§ Data block
* * * * * * * * *

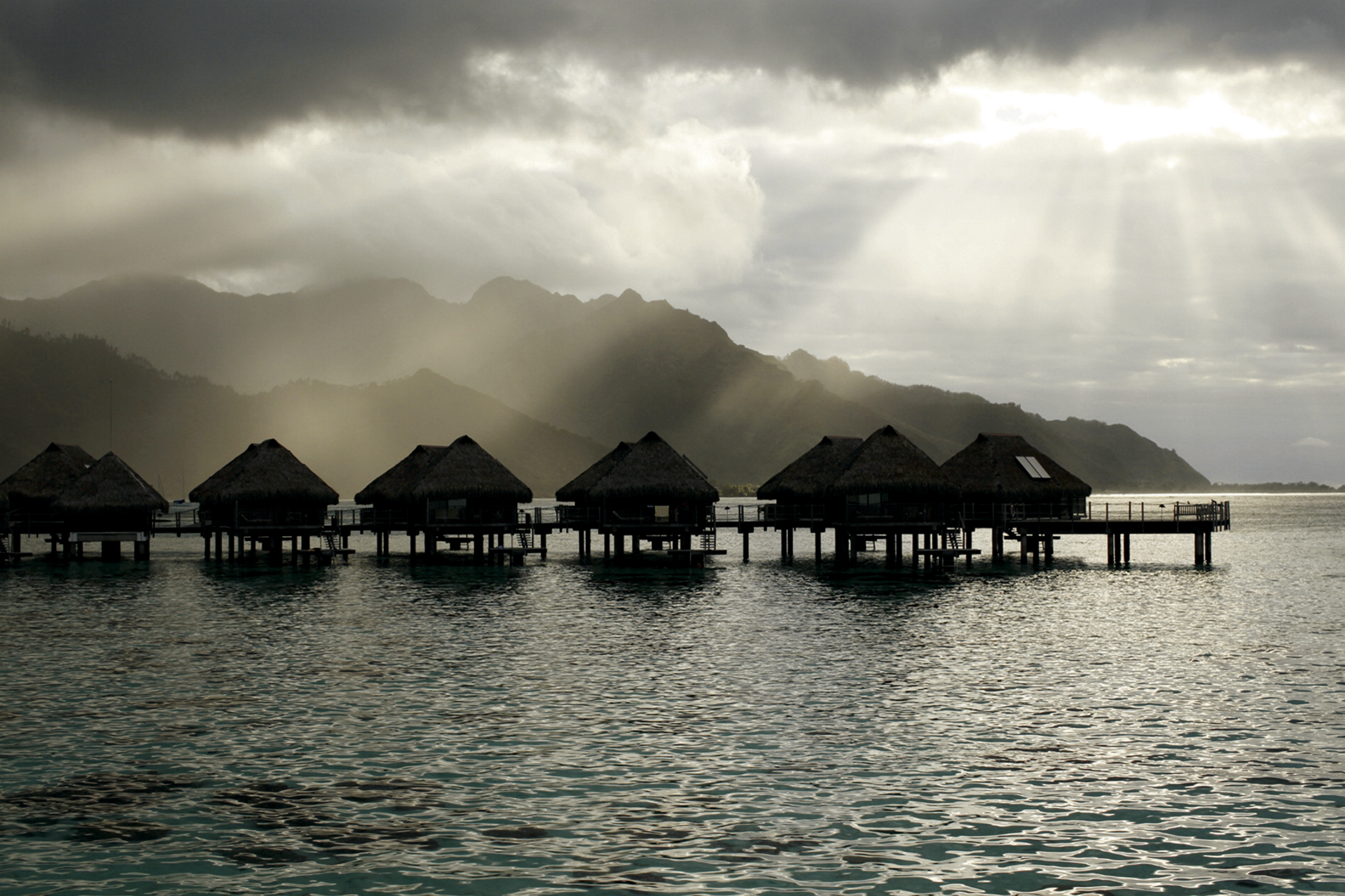 An der Nordküste der Insel, zwischen Opunohu und Cook Bay, umgeben von tropischen Gärten, direkt am weißen Sandstrand, 20 min vom Flughafen. Die schöne Lagune mit glasklarem Wasser ist ein riesiges Aquarium.
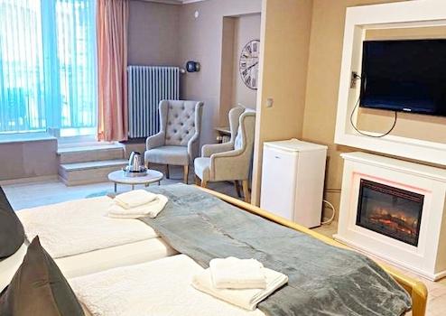 - 3 Treppenhäuser, kein Aufzug (auch baulich schwer zu integrieren, und wenn doch, dann nur für einen Teil der Zimmer ohne Stufen erreichbar), Treppenlifter zum 1. OG von der Ebene der Rezeption aus vorhanden
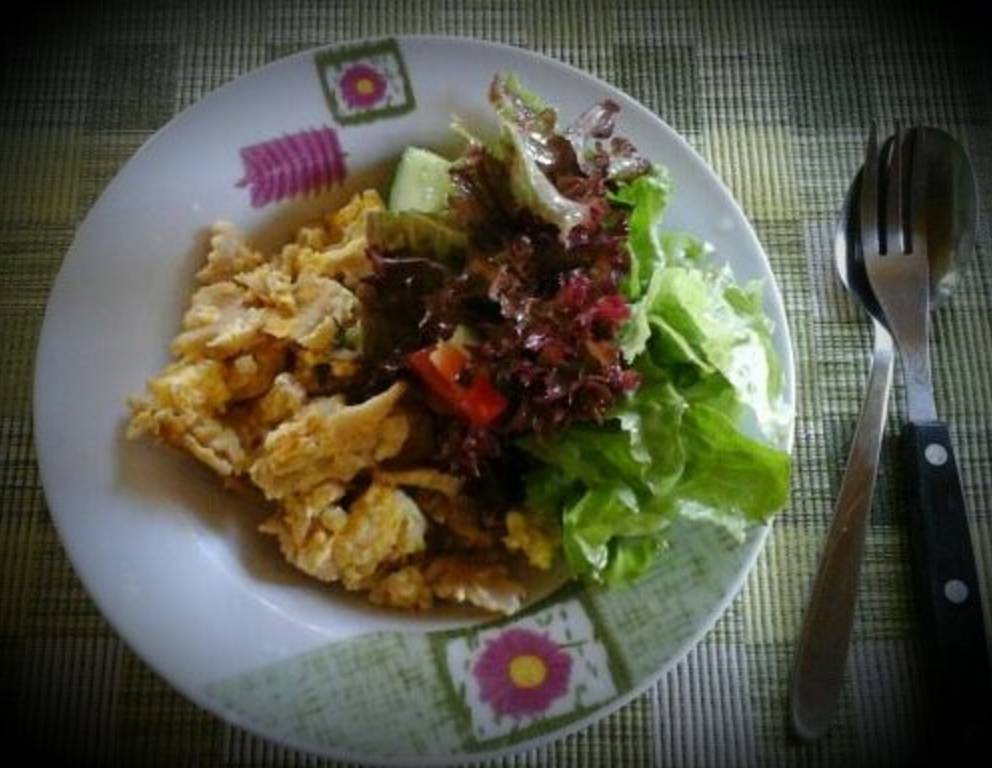 - Alles in eine große Schüssel geben. Marinieren und kurz vor dem Servieren mit etwas Öl übergießen und schön durchmengen. Die Eiernudeln mit geschnittenem Schnittlauch bestreuen und servieren.

* * * * * * * * *

§ Task requirements
What you hand back should match the listing exactly, except that no pictures appear.

§ Response to this exercise
 An der Nordküste der Insel, zwischen Opunohu und Cook Bay, umgeben von tropischen Gärten, direkt am weißen Sandstrand, 20 min vom Flughafen. Die schöne Lagune mit glasklarem Wasser ist ein riesiges Aquarium.
 - 3 Treppenhäuser, kein Aufzug (auch baulich schwer zu integrieren, und wenn doch, dann nur für einen Teil der Zimmer ohne Stufen erreichbar), Treppenlifter zum 1. OG von der Ebene der Rezeption aus vorhanden
 - Alles in eine große Schüssel geben. Marinieren und kurz vor dem Servieren mit etwas Öl übergießen und schön durchmengen. Die Eiernudeln mit geschnittenem Schnittlauch bestreuen und servieren.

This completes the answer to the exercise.